Vegan Collard Greens
Vegan collard greens are a delicious and nutritious dish that can be enjoyed as a side or main course. This recipe provides a flavorful and plant-based twist on a classic Southern favorite.
Ingredients
- 1 bunch of collard greens, stems removed and leaves chopped
- 1 onion, diced
- 3 cloves of garlic, minced
- 1 tablespoon olive oil
- 1 cup vegetable broth
- 1 teaspoon smoked paprika
- 1/2 teaspoon red pepper flakes
- Salt and pepper to taste
Instructions
- In a large pot, heat the olive oil over medium heat.
- Add the diced onion and minced garlic, and sauté until the onion is translucent.
- Add the chopped collard greens to the pot and stir to combine with the onion and garlic.
- Pour in the vegetable broth and season with smoked paprika, red pepper flakes, salt, and pepper.
- Cover the pot and let the collard greens simmer for 30-40 minutes, stirring occasionally, until they are tender.

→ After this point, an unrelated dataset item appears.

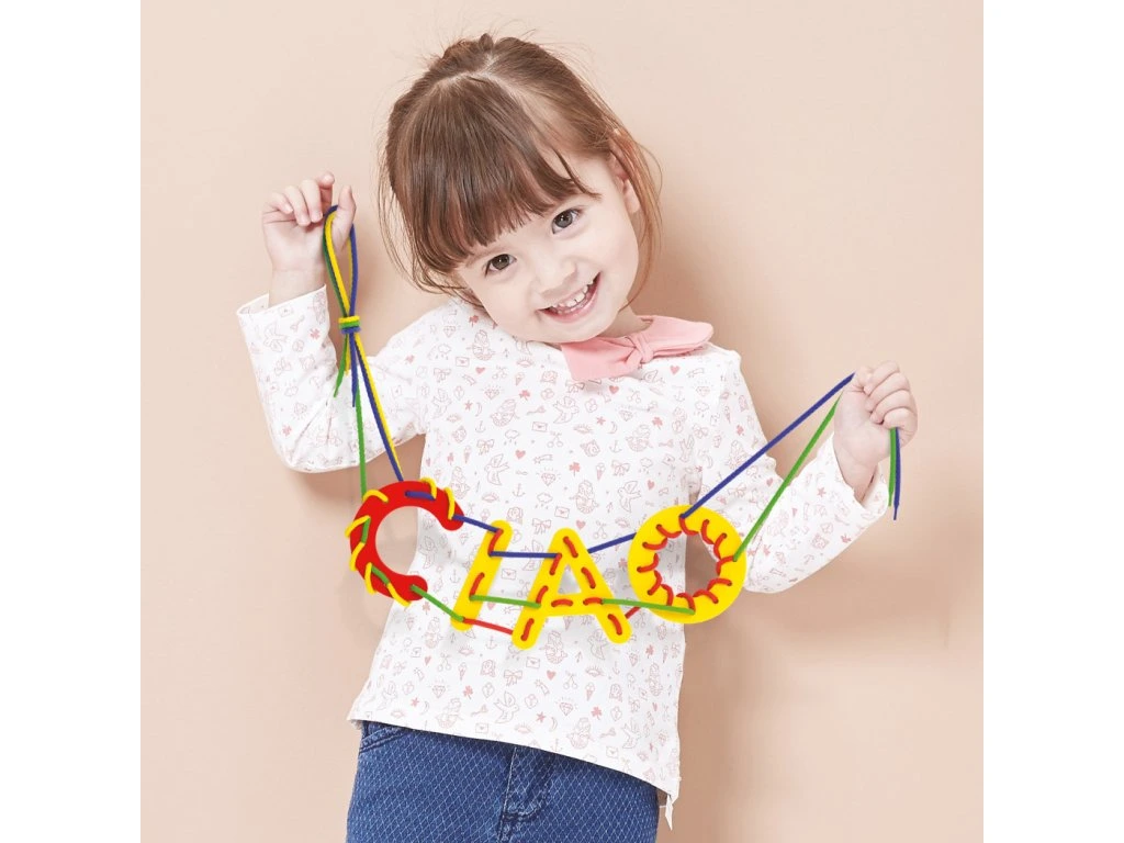 Sada písmen a čísel a provlékací šňůrky.

- Once cooked, adjust the seasoning if needed and serve hot.
Cooking & Preparation
- Preparation time:
- 10 minutes
- Cooking time:
- 40 minutes
- Total time:
- 50 minutes
- Cooking method
- Stovetop
Nutritional facts per 1 serving
- Calories
- 150 per serving
- Carbohydrates
- 20g
- Protein
- 8g
- Fat
- 5g
Supplies
Large pot Knife Cutting board Measuring spoons Measuring cup
Tools
Serving spoon Cover for the pot
Serving suggestions
Serve the vegan collard greens with a side of cornbread or over a bed of quinoa for a complete meal.
Tips & tricks
For added flavor, you can also incorporate a splash of apple cider vinegar or a sprinkle of nutritional yeast before serving.